A youth minister could let the needs overwhelm him, said Harry Palmer, a Bright Angel member. But Palmer said Lantz has focused on small steps. Within a few weeks of moving to Las Vegas, Lantz started taking the youth group to serve in a downtown soup kitchen.
“I normally pass out the soup bowls,” Jessica said. “We have someone who wipes down tables and others washing dishes. A lot of times, we’ll have so many people that Lantz will walk around and visit.”
And build relationships, as he sees it.
As a result of the work at the soup kitchen, Lantz got to know a woman and her husband.
“We were able to study with them, and both of them were baptized,” Jessica said.
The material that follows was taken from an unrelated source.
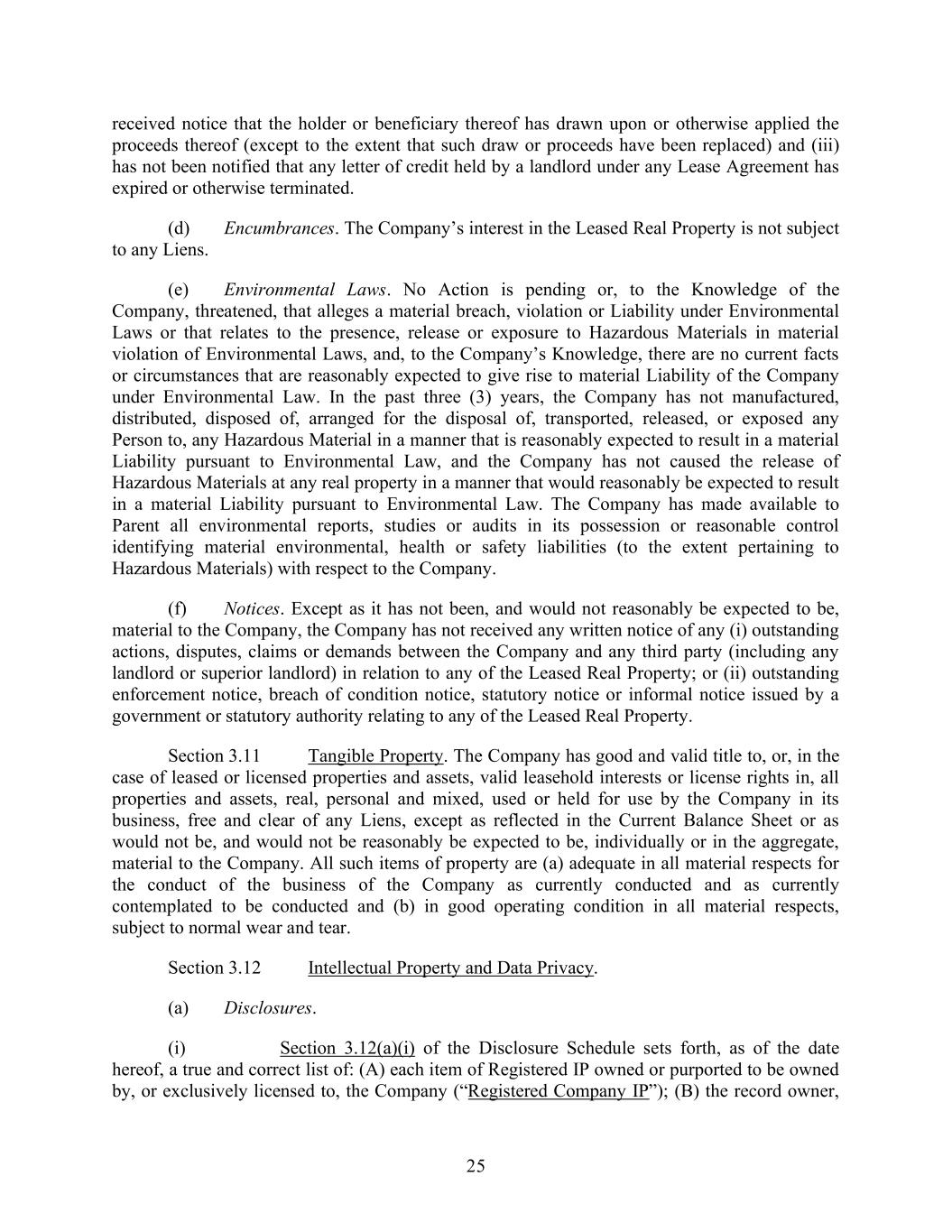 25 received notice that the holder or beneficiary thereof has drawn upon or otherwise applied the proceeds thereof (except to the extent that such draw or proceeds have been replaced) and (iii) has not been notified that any letter of credit held by a landlord under any Lease Agreement has expired or otherwise terminated. (d) Encumbrances. The Company’s interest in the Leased Real Property is not subject to any Liens. (e) Environmental Laws. No Action is pending or, to the Knowledge of the Company, threatened, that alleges a material breach, violation or Liability under Environmental Laws or that relates to the presence, release or exposure to Hazardous Materials in material violation of Environmental Laws, and, to the Company’s Knowledge, there are no current facts or circumstances that are reasonably expected to give rise to material Liability of the Company under Environmental Law. In the past three (3) years, the Company has not manufactured, distributed, disposed of, arranged for the disposal of, transported, released, or exposed any Person to, any Hazardous Material in a manner that is reasonably expected to result in a material Liability pursuant to Environmental Law, and the Company has not caused the release of Hazardous Materials at any real property in a manner that would reasonably be expected to result in a material Liability pursuant to Environmental Law. The Company has made available to Parent all environmental reports, studies or audits in its possession or reasonable control identifying material environmental, health or safety liabilities (to the extent pertaining to Hazardous Materials) with respect to the Company. (f) Notices. Except as it has not been, and would not reasonably be expected to be, material to the Company, the Company has not received any written notice of any (i) outstanding actions, disputes, claims or demands between the Company and any third party (including any landlord or superior landlord) in relation to any of the Leased Real Property; or (ii) outstanding enforcement notice, breach of condition notice, statutory notice or informal notice issued by a government or statutory authority relating to any of the Leased Real Property. Section 3.11 Tangible Property. The Company has good and valid title to, or, in the case of leased or licensed properties and assets, valid leasehold interests or license rights in, all properties and assets, real, personal and mixed, used or held for use by the Company in its business, free and clear of any Liens, except as reflected in the Current Balance Sheet or as would not be, and would not be reasonably be expected to be, individually or in the aggregate, material to the Company. All such items of property are (a) adequate in all material respects for the conduct of the business of the Company as currently conducted and as currently contemplated to be conducted and (b) in good operating condition in all material respects, subject to normal wear and tear. Section 3.12 Intellectual Property and Data Privacy. (a) Disclosures. (i) Section 3.12(a)(i) of the Disclosure Schedule sets forth, as of the date hereof, a true and correct list of: (A) each item of Registered IP owned or purported to be owned by, or exclusively licensed to, the Company (“Registered Company IP”); (B) the record owner,

Wherever they go — be it the grocery store or a restaurant — the Howards strike up conversations and invite people to church. They know their neighbors by name and have made friends with them. To meet more people, Lantz even started substituting on Fridays at the public middle school where Jessica teaches reading.
For the Howards, it’s all part of making church more than the hour or two members spend in worship on Sunday.
Lantz praised how the congregation has responded. Nebeker, whose son, Grant, 13, is a part of the youth group, recently knitted blankets to give to the homeless shelter. Natalie Beaudette, a first-grader whose family helps with the soup kitchen, organized a toy drive at her school to benefit the needy children.
“I have a heart for our people at church to grow outside of the box because I would say, for the most part … people aren’t very missional and evangelistic,” Lantz said. “I don’t think it’s unique to Las Vegas. I think it’s America.”